Cross-species RNAi in C. elegans using Tscdc42 RNAi reduced the expression level of the endogenous CDC-42 in C. elegans (a) and decreased the progeny counts in C. elegans (b, c). a The endogenous protein level of CDC42 in C. elegans wild-type and RNAi worms detected by western blot using anti-TsCDC42 antibody. Lane N2, crude extracts from mixed stages of wild type; Lane N2/HT115 (L4440), extracts from mixed stages of wild-type N2 feeding on HT115 transformed with L4440 empty vector. Lane N2/Tscdc42 RNAi, crude extracts from N2 feeding with Tscdc42 RNAi bacteria food. b Progeny from 20 adult worms of C. elegans wild-type N2 feeding with control bacteria (HT115 transformed with L4440 empty vector) and Tscdc42 RNAi bacteria (two groups). c The bars represent the mean numbers of eggs, hatching larvae and F1 adult worms produced by 20 adult worms either fed on control or Tscdc42 RNAi bacteria (two groups). Error bars represent standard error of the mean
Consistent with the results showing lower level expression of CDC42 in C. elegans Tscdc42 RNAi worm, reduction of progeny in Tscdc42 RNAi worms was observed. The ratio of F1 larval hatching (Fig. 4b) and the number of F1 eggs developed into adult worms were also decreased significantly (Fig. 4c). The results of cross-species of Tscdc42 RNAi in C. elegans suggested that Tscdc42 might play the same function in Trichinella as cdc42 in C. elegans.
Discussion
In this paper, we reported the expression of recombinant T. spiralis TsCDC42 in E. coli, the expression level and localization of TsCDC42 in different stages of T. spiralis and functional characterization of the cdc42 gene in C. elegans. Our previous work showed that the predicted TsCDC42 open reading frame encodes a 147 amino acid protein (Yang et al. 2010). TsCDC42 displays a high level of identity with the Rho-family GTPase protein CDC42 and has the highest identity with the CDC42 from Drosophila (67%). The sequence identity of TsCDC42 with the C. elegans CDC42 homologue is 62%. The western blots showed that TsCDC42 was found in muscle larvae and in male and female adult worms. The immuno-localization of TsCDC42 revealed that TsCDC42 was abundantly distributed in the muscle worm, female and male adult worms, the newborn larvae as well as the embryo.

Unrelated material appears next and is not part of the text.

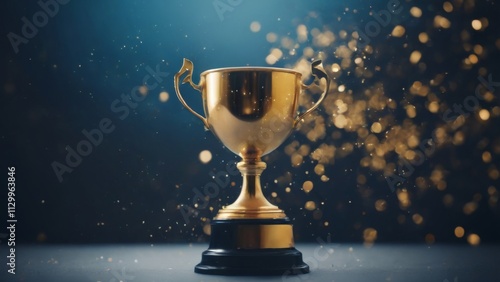 Golden and Black Trophy Cup on Bokeh Background with White Dots Celebration Concept
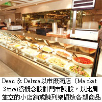 Dean & Deluca的熟食區並非一般提供熱食的地方,而是提供能讓消費者在家舉辦派對、聚會所食用的成品或半成品熟食。守谷祐一說,這些熟食只是「單一元件」,Dean & Deluca鼓勵消費者買回家後發揮自身想像與創意,重新拼湊、擺放、烹煮成各式各樣具有個人特色的派對菜,透過這些銷售心思,Dean & Deluca巧妙帶進歐美DIY文化的生活態度,也是同類食品店少見。

As a signaling transduction molecule, cdc42 plays an important role in cell polarity, cytoskeleton arrangement and cell motility. Although there are a lot of reports on the functions of CDC42 in mammals, Drosophila and C. elegans, little information is available in parasitic nematodes. The similarity and identity of TsCDC42 with other CDC42 protein is high (up to 70%). In C. elegans, PAR-3, PAR-6 and PKC-3 form a complex to regulate the polarity of one-cell embryo (Macara 2004). The interaction of CDC42 with PAR-6 is required for PAR asymmetry maintenance and one-cell embryo polarity (Aceto et al. 2006). Since most of PAR proteins are maternal, strong maternal reduction of cdc42 by RNAi causes defects in the first cell division and embryonic lethality (Gotta et al. 2001). The phenotype of cdc42 RNAi is similar to par-3, par-6 and pkc-3 mutants, and results in multiple ventral protrusion in adult progeny, a characteristic of a multiple vulva (Muv) phenotype (Welchman et al. 2007). The expression of CDC42 in C. elegans is developmentally regulated with the highest level at the embryonic stage and decreasing progressively during development except an increase at the L3 stage (Chen et al. 1993).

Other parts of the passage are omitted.